» **Aim of the exercise**: Would you reproduce the data below exactly, please, leaving out its images?

» **Dataset content**:
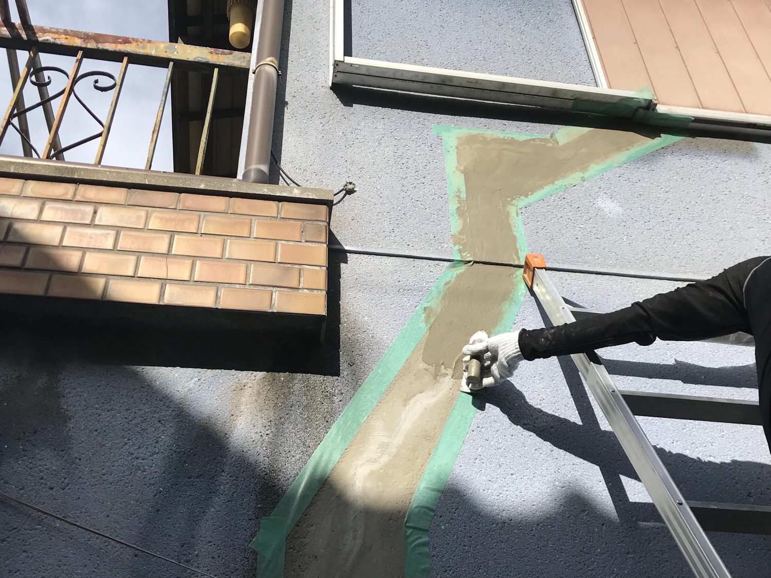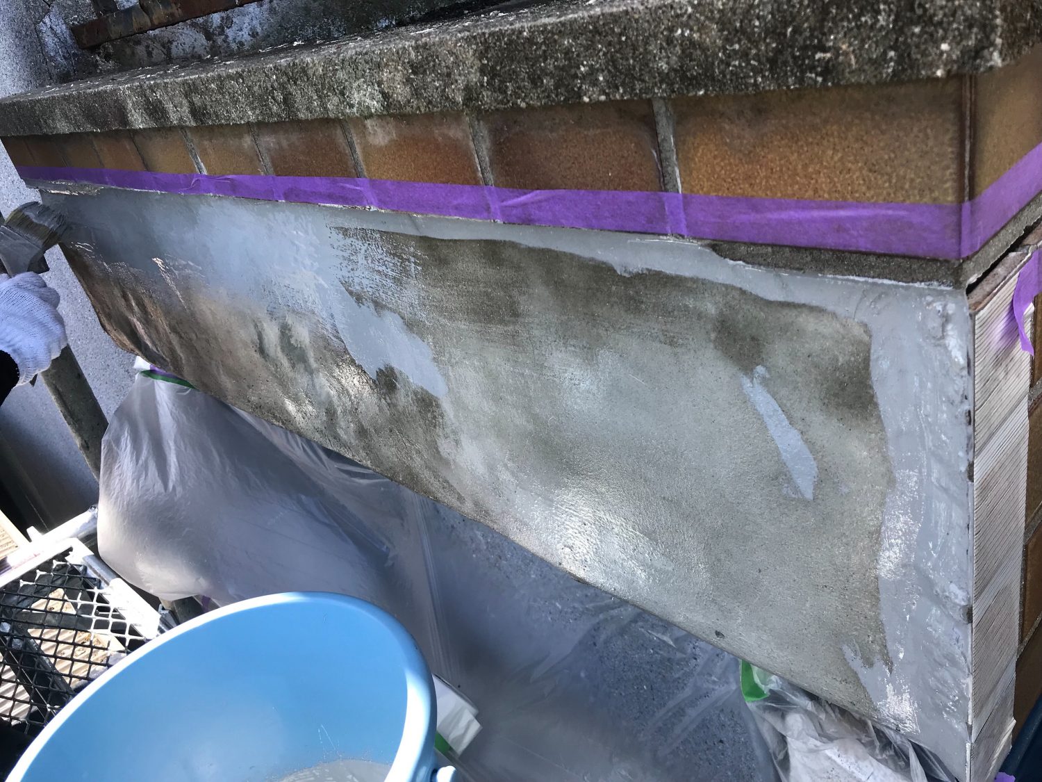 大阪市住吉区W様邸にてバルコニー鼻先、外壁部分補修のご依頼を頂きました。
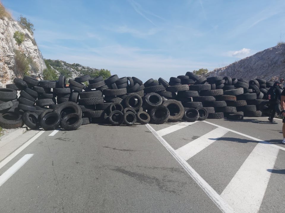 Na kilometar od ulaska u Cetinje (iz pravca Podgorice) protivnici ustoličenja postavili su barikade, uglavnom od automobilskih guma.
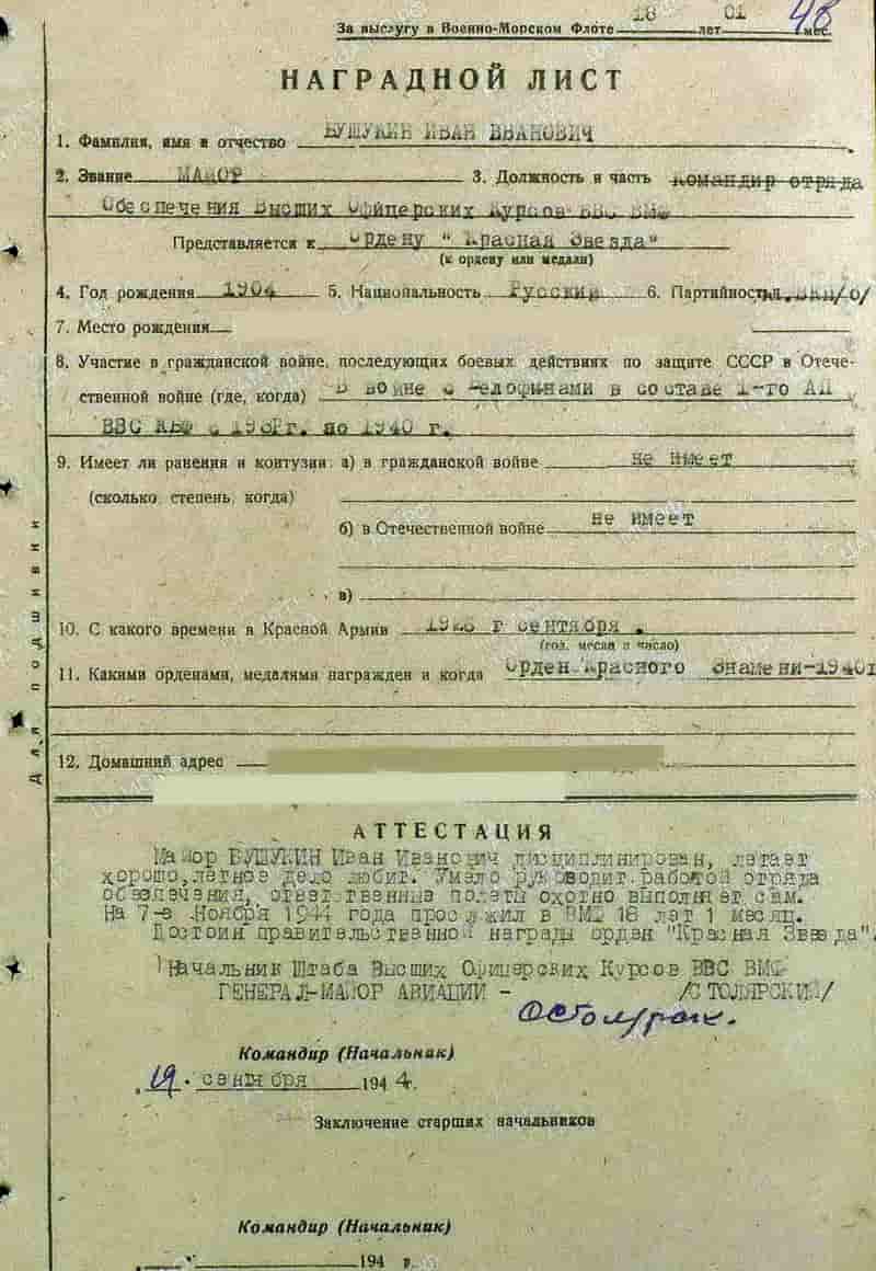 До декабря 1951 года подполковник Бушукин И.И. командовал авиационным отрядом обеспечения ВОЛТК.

» **Problem solution**:
 大阪市住吉区W様邸にてバルコニー鼻先、外壁部分補修のご依頼を頂きました。
 Na kilometar od ulaska u Cetinje (iz pravca Podgorice) protivnici ustoličenja postavili su barikade, uglavnom od automobilskih guma.
 До декабря 1951 года подполковник Бушукин И.И. командовал авиационным отрядом обеспечения ВОЛТК.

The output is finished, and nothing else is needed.